Unnamed: 0,title,plot
19,Star Wars,"The galaxy is in a civil war, and spies for th..."


# Recommendation Function

In [25]:
def recommend(movie):
    index = movies[movies['title']==movie].index[0]
    distance = sorted(list(enumerate(similarity[index])),reverse=True,key = lambda x: x[1])
    j = 1
    print(f"Movies similar to {movie} are:")
    for i in distance[1:6]:
        print(f"{j}. {movies.iloc[i[0]].title}")
        j+=1

In [26]:
movies.head(-1)

Unnamed: 0,title,plot
0,The Godfather,"On the day of his only daughter's wedding, Vit..."
1,The Shawshank Redemption,"In 1947, banker Andy Dufresne is convicted of ..."
2,Schindler's List,"In 1939, the Germans move Polish Jews into the..."
3,Raging Bull,"In a brief scene in 1964, an aging, overweight..."
4,Casablanca,It is early December 1941. American expatriate...
...,...,...
94,Double Indemnity,\n\n\n\nNeff confesses into a Dictaphone.\n\n ...
95,Rebel Without a Cause,\n\n\n\nJim Stark is in police custody.\n\n \...
96,Rear Window,\n\n\n\nJames Stewart as L.B. Jefferies\n\n \...
97,The Third Man,\n\n\n\nSocial network mapping all major chara...


In [27]:
recommend('Star Wars')

Movies similar to Star Wars are:
1. Stagecoach
2. 2001: A Space Odyssey
3. City Lights
4. Close Encounters of the Third Kind
5. Dr.
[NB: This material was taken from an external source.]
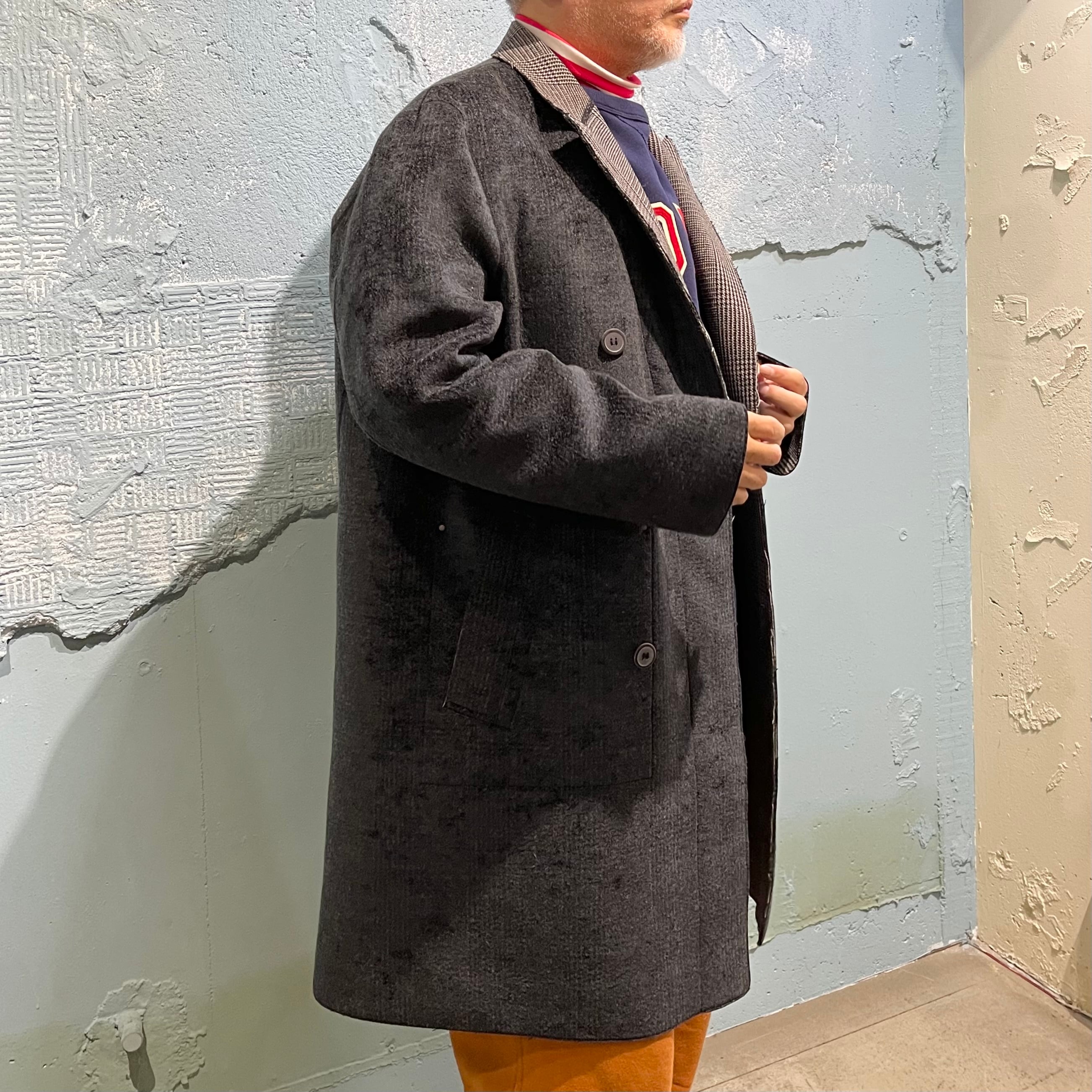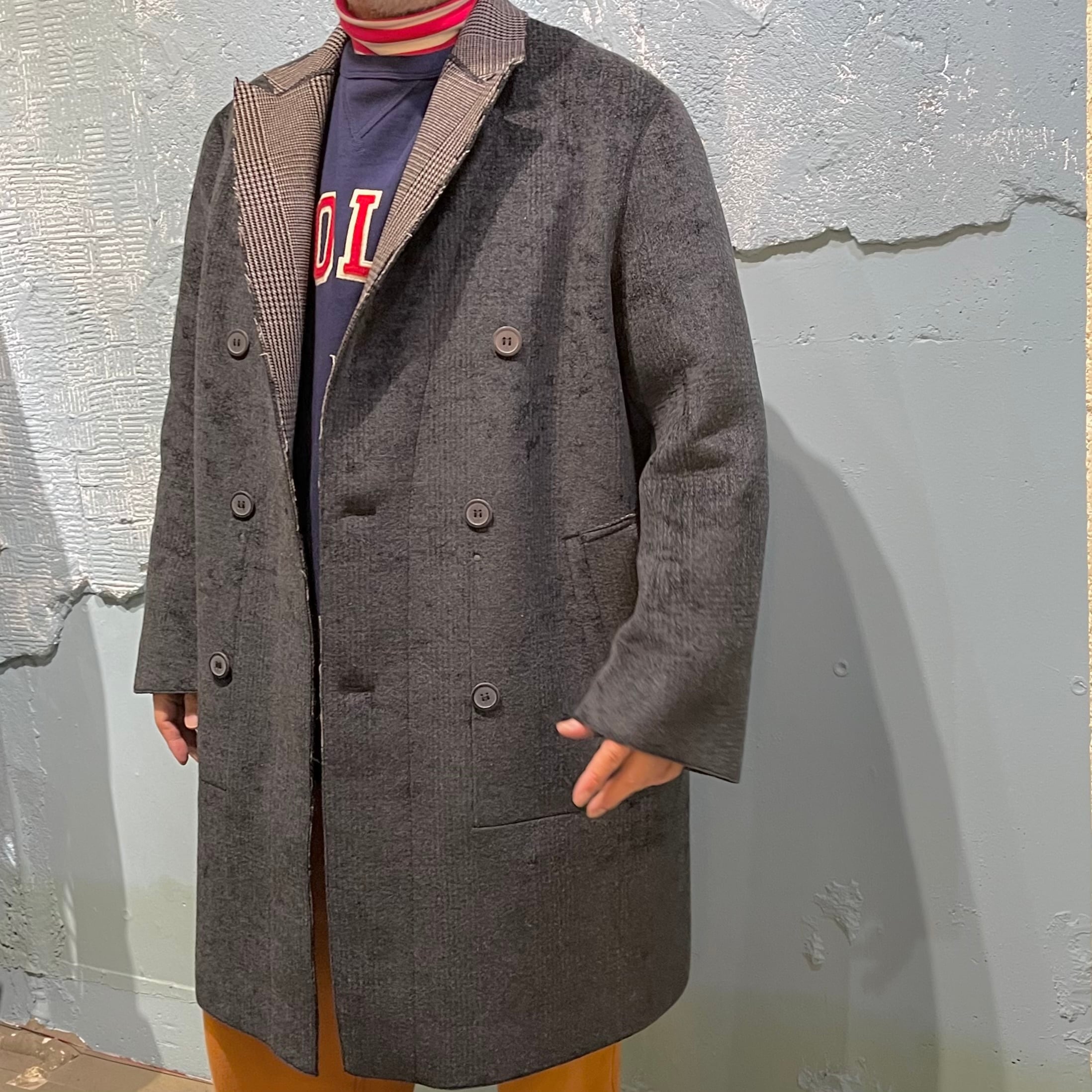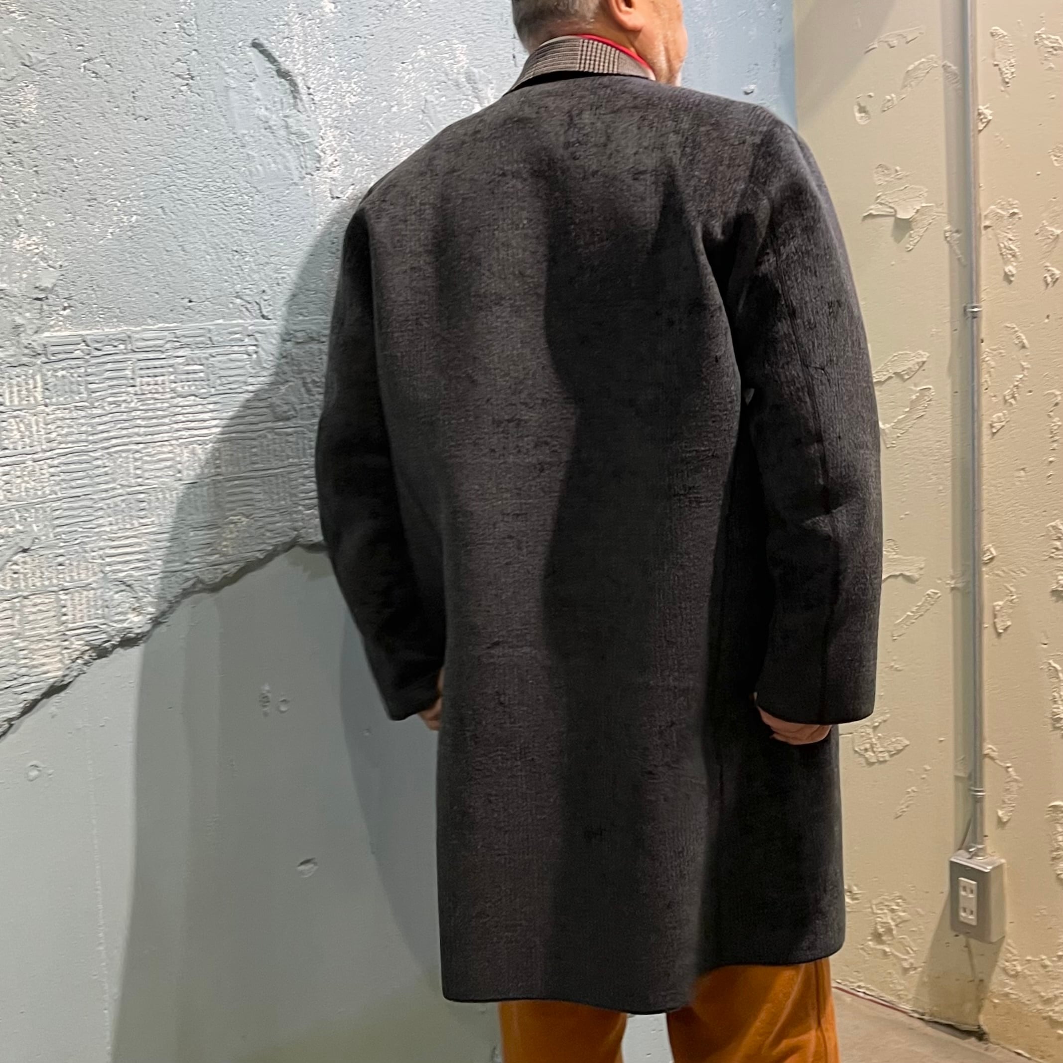 『サバイ』のスタイリッシュなチェスターコートです。そしてリバーシブルブルです。 弾力性のあるダブルフェイスな素材感が特徴です、刺繍機を使い糸で縫わずに貼り合わせるとい凝ったオリジナル素材。
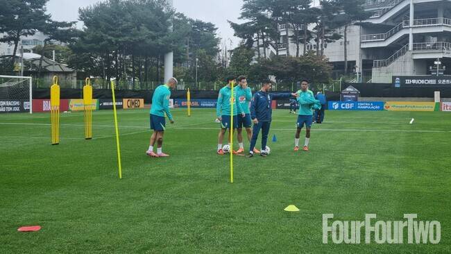 ‘월드클래스’들이 즐비한 브라질 대표팀이 빗속에서도 한국전을 대비한 훈련을 진행했다. 비니시우스 등 최정예 선수들이 모두 훈련에 참가했다.

Strangelove or: How I Learned to Stop Worrying and Love the Bomb


In [28]:
recommend('Titanic')

Movies similar to Titanic are:
1. The African Queen
2. The Apartment
3. The Silence of the Lambs
4. Psycho
5. Pulp Fiction


**This is an Initial Draft of Movie Recommendation System using Plots as a feature value. In this notebook I used the following:**
* CountVectorizer : To convert the text data into vectors containing frequencies of 5000 feature values that were generated by count vectorizer.
* Cosine Similarity : This is a metric used to find the distance between two vectors. In simpler terms it finds the distance between two vectors by calculating angles between them. Less the distance, More similar are those vectors.